Il y a quelques jours, je suis tombée sur un article intitulé « Culture & gaming : un nouveau pacte pour moderniser les musées marocains », annonçantune convention entre la Fondation Nationale des Musées et la Fédération Royale Marocaine des Jeux Électroniques pour introduire le jeu vidéo au cœur des musées et rendre les visites plus interactives pour les jeunes. Sur le papier, c’est une bonne nouvelle ; le patrimoine commence enfin à dialoguer avec l’univers numérique.
Mais en lisant cet article, une autre image m’est revenue, un rêve que j’ai toujours eu ; une caravane qui traverse le Maroc, de ville en village, pour faire dessiner les enfants. Pas des écrans, pas des casques de VR. Juste des feuilles, des crayons, du temps et une présence. Je suis convaincue que l’art et la culture, avant d’être des “contenus”, sont d’abord des expériences qui éveillent l’esprit, ouvrent des espaces intérieurs, fabriquent de la confiance en soi.Rendre l’art et la culture accessible pour tout le monde.

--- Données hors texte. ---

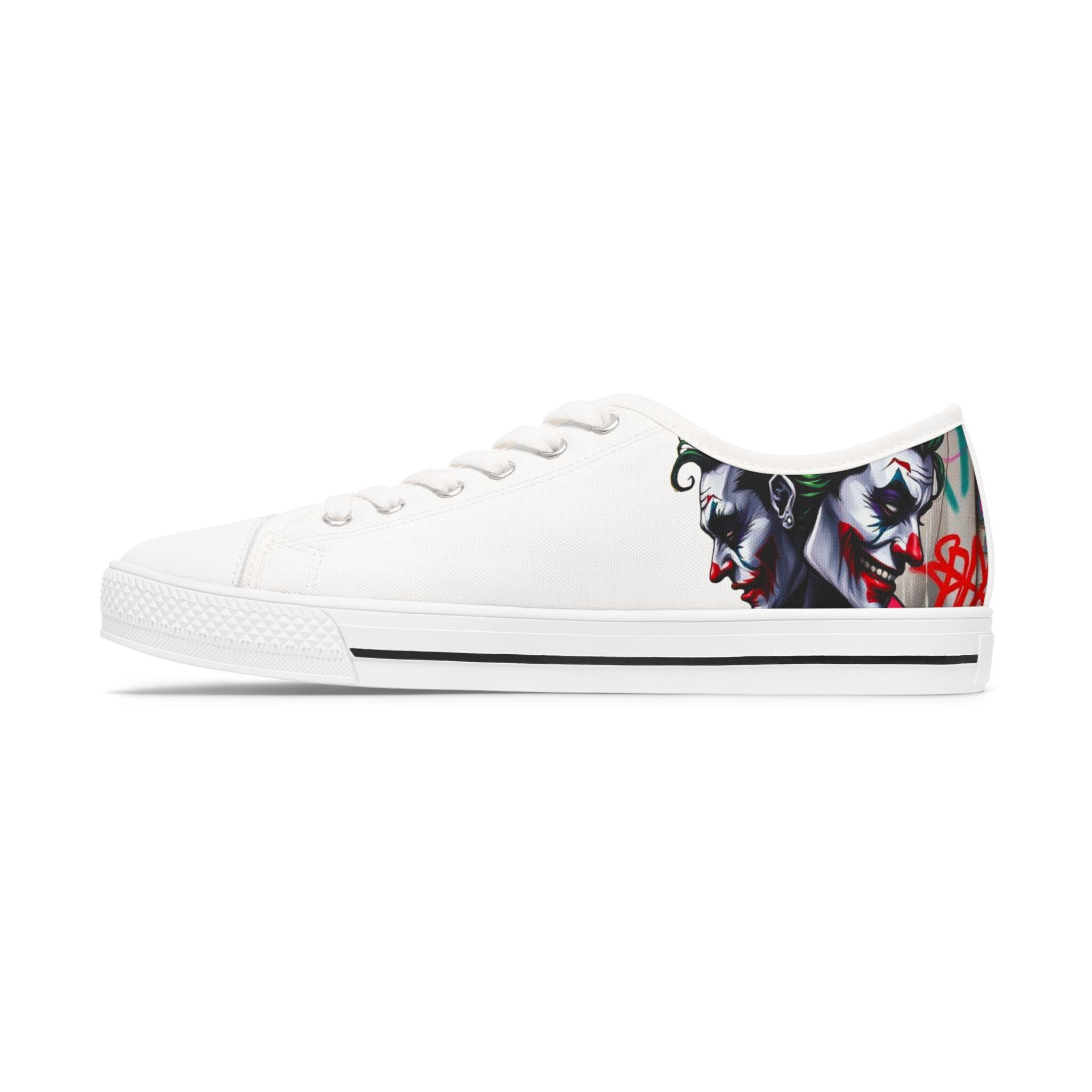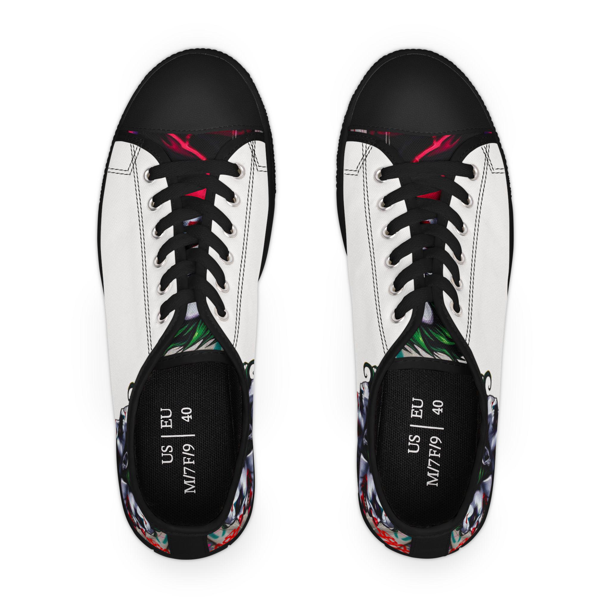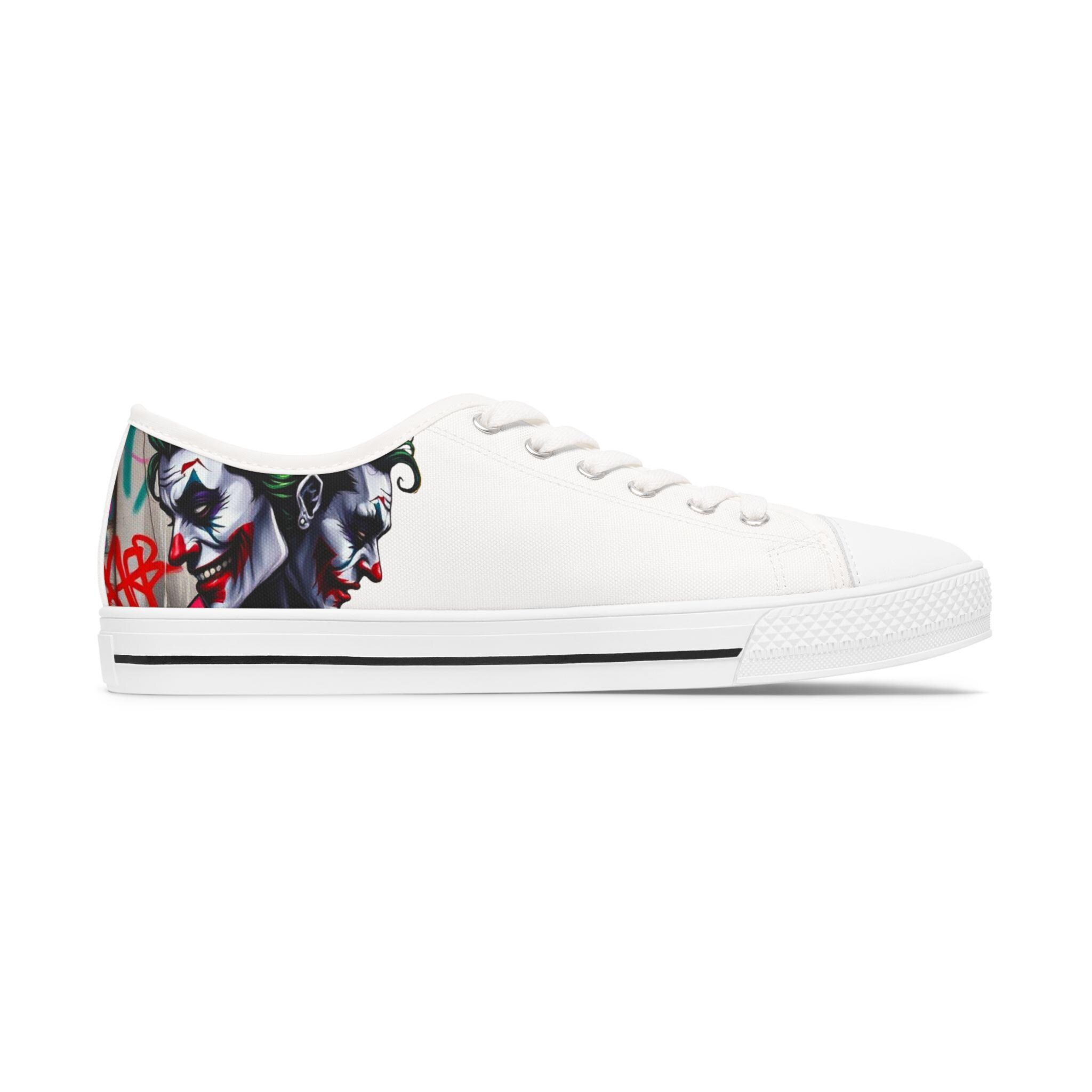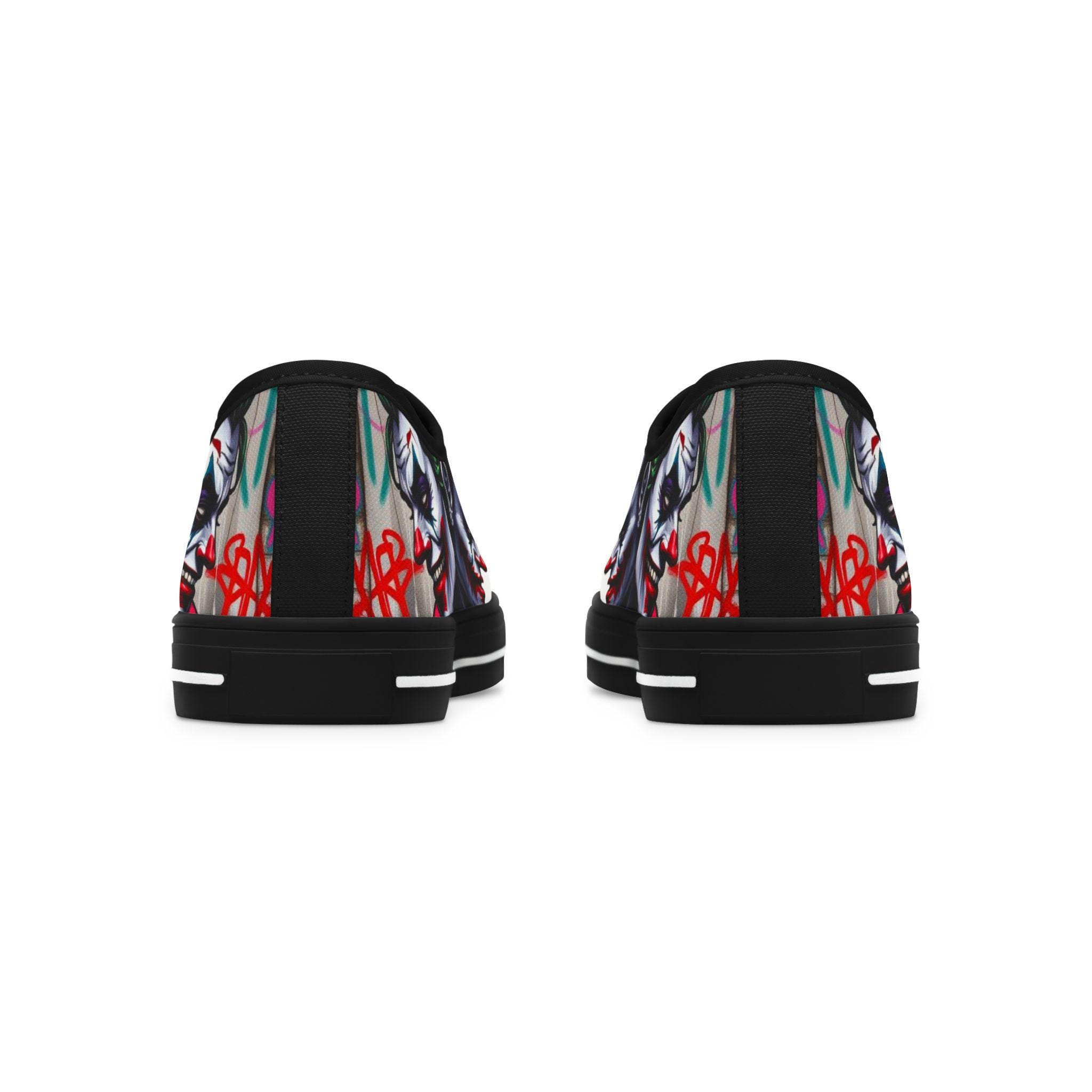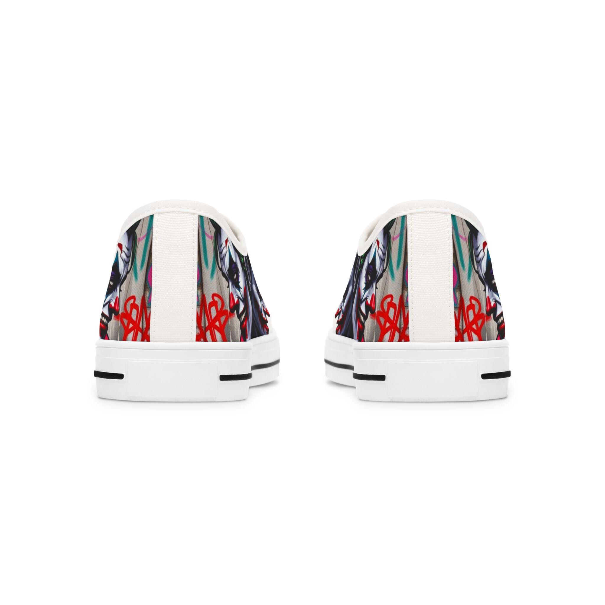 These low-top canvas sneakers carry an edgy, streetwise energy — subtle from afar, bold up close. Smooth white polyester canvas wraps the foot with breathable comfort, while the black pleather toe and metal eyelets add durable, urban detailing. Memory foam insoles and EVA shock-absorbing layers cushion every step, so you can wander city blocks or stand at shows without your feet complaining. The artwork prints wrap around the sides and tongue, letting a moody, graffiti-inspired character peek out when you walk. Wear them with slim jeans, a leather jacket, or a band tee to lean into a rebellious, art-forward look.

Avant les réseaux sociaux, nous avions déjà, dans presque chaque quartier, dans les petit et les grands villages, un “réseau social” bien réel : les maisons de jeunes. Ces lieux publics où l’on poussait une porte pour trouver un club de théâtre, une chorale, un atelier de dessin, un tournoi d’échecs ou un match de foot. Un endroit où l’on pouvait exister autrement que comme “bon élève” ou “mauvais élève”. Beaucoup de ces espaces se sont éteints, abîmés par le manque de moyens, de vision et parfois de considération.
L’accord entre musées et gaming arrive dans ce contexte. Il peut être lu comme un simple gadget marketing ; encore des consoles, encore des écrans, ou comme un signe d’écoute.On reconnaît enfin que pour toucher les jeunes, il faut partir de leurs codes, de leurs pratiques, de leurs imaginaires. Le jeu vidéo n’est plus seulement un “danger” à réguler, mais un langage culturel qui peut dialoguer avec la peinture, la sculpture, la photographie.
La vraie question, maintenant, c’est : que faisons-nous de cette rencontre entre culture et technologie ?
On peut se contenter d’ajouter quelques consoles dans les musées des grandes villes et se féliciter d’être “modernes”. Ou bien on peut aller plus loin ; utiliser la technologie pour rapprocher l’art de celles et ceux qui n’y auront jamais accès physiquement.
Concrètement, cela veut dire imaginer des visites virtuelles pensées pour les écoles rurales, pour les maisons de jeunes, pour les associations de quartier. Pas seulement des visites en 3D cachées dans un site web, mais des formats simples, courts, en Darija ou en Tamazight, qui peuvent circuler sur WhatsApp, être projetés sur un mur blanc, servir de point de départ à un atelier de dessin ou de théâtre. Cela veut dire créer des “mini-musées mobiles” ; une valise avec un vidéoprojecteur, quelques vidéos préchargées, du matériel artistique, que l’on emmène dans un douar comme on emmènerait une séance de cinéma en plein air.
C’est là que mon rêve de caravane rejoint la modernisation numérique des musées. On pourrait imaginer une tournée qui, à chaque étape, propose deux gestes simples. D’abord, faire découvrir une œuvre, un artiste, un objet du patrimoine à travers un support numérique accessible ; ensuite, inviter les enfants à créer à partir de ce qu’ils viennent de voir – dessiner, raconter, inventer une histoire. Le numérique comme clé d’entrée, l’art comme espace d’appropriation.
Aujourd’hui, remercier la GenZce n’est pas seulement les applaudir pour contribuer à faire réouvrir des maisons de jeunes. C’est reconnaître qu’ils nous obligent à revoir notre façon de penser la culture ; moins comme un patrimoine à protéger “d’en haut”, plus comme un terrain de jeu commun à investir “avec eux”. Les musées qui s’ouvrent au gaming, les maisons de jeunes qui ressuscitent, les caravanes d’art qui sillonnent le pays, tout cela peut raconter la même histoire ; celle d’un Maroc où la culture ne serait plus un privilège, mais une infrastructure essentielle, au même titre que l’eau, l’électricité ou l’internet.
À condition, bien sûr, que la technologie reste un moyen, pas une fin. Un écran ne remplacera jamais un regard, une console ne remplacera jamais une rencontre. Mais entre de bonnes mains, et avec une vision claire, elle peut élargir le cercle, tendre la main à celles et ceux que la culture a longtemps laissés au bord de la route. Et c’est peut-être là que tout commence vraiment.